* EXERCISE DETAILS *
Copy nothing before the line that contains "国境を越えた対外貿易の爆発物"; from there, transcribe each line exactly through the end of the material, omitting pictures.

--- RECORDED DATA Enclosed Below ---

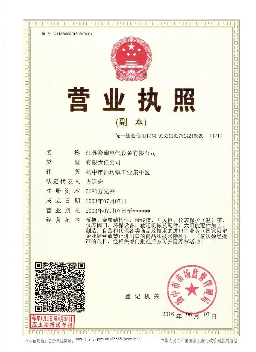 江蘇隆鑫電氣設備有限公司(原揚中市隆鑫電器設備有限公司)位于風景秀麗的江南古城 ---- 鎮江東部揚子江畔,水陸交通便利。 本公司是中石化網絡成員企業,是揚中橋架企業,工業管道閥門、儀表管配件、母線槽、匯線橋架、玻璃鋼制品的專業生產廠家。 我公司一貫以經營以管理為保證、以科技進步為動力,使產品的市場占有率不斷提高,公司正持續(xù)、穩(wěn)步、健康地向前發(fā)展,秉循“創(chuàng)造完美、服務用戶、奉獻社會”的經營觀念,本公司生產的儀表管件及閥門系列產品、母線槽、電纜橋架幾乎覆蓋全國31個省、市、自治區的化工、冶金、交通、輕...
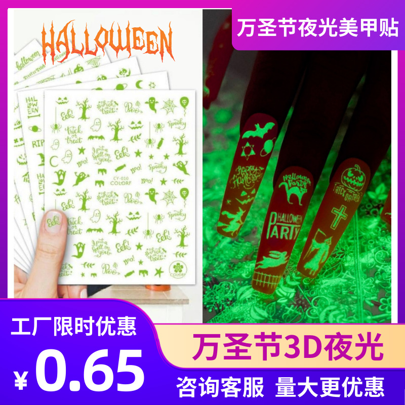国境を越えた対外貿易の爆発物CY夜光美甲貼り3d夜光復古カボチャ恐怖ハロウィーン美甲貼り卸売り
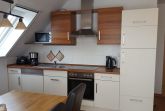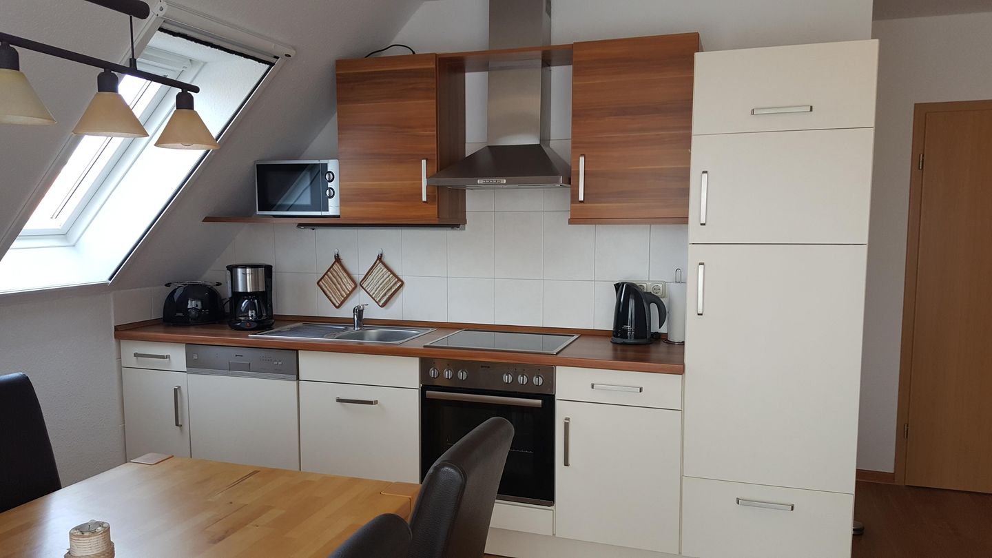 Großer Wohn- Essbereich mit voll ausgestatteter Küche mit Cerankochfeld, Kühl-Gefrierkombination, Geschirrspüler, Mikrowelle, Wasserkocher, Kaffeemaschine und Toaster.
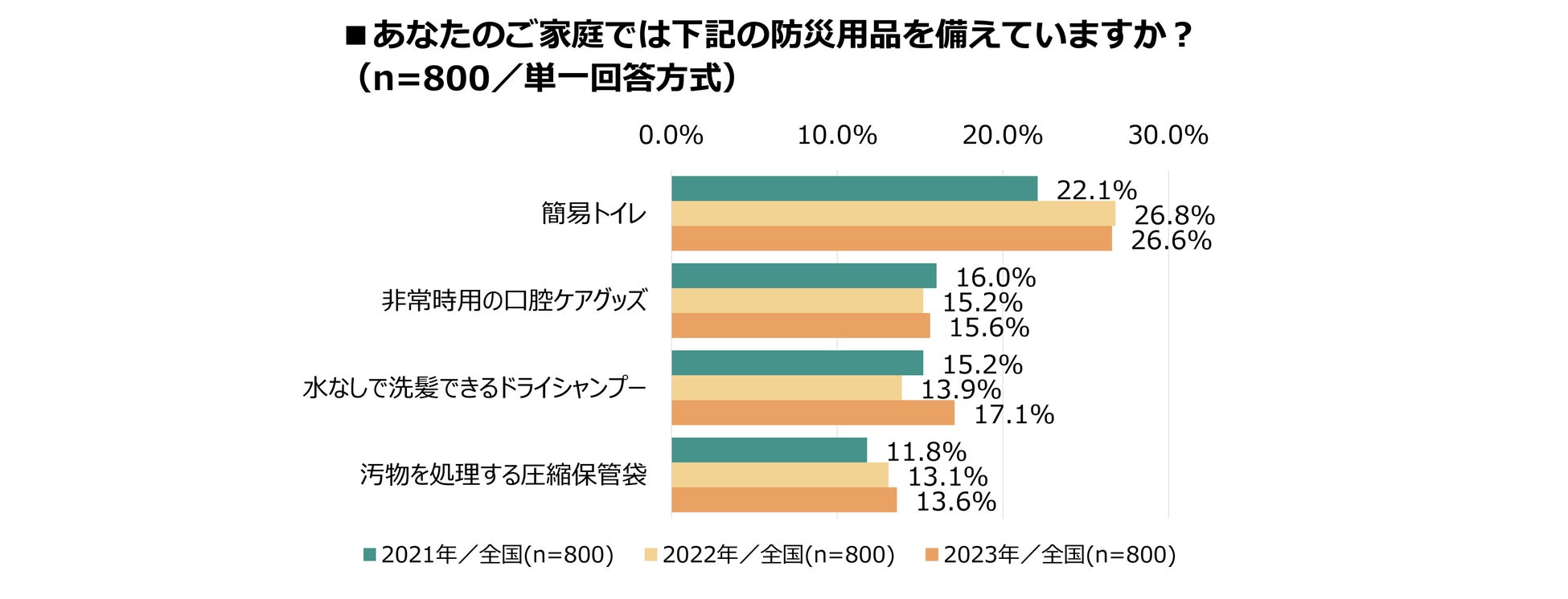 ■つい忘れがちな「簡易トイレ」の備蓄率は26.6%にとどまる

--- End of Enclosed RECORDED DATA ---

* RESPONSE TO THE EXERCISE *
国境を越えた対外貿易の爆発物CY夜光美甲貼り3d夜光復古カボチャ恐怖ハロウィーン美甲貼り卸売り
 Großer Wohn- Essbereich mit voll ausgestatteter Küche mit Cerankochfeld, Kühl-Gefrierkombination, Geschirrspüler, Mikrowelle, Wasserkocher, Kaffeemaschine und Toaster.
 ■つい忘れがちな「簡易トイレ」の備蓄率は26.6%にとどまる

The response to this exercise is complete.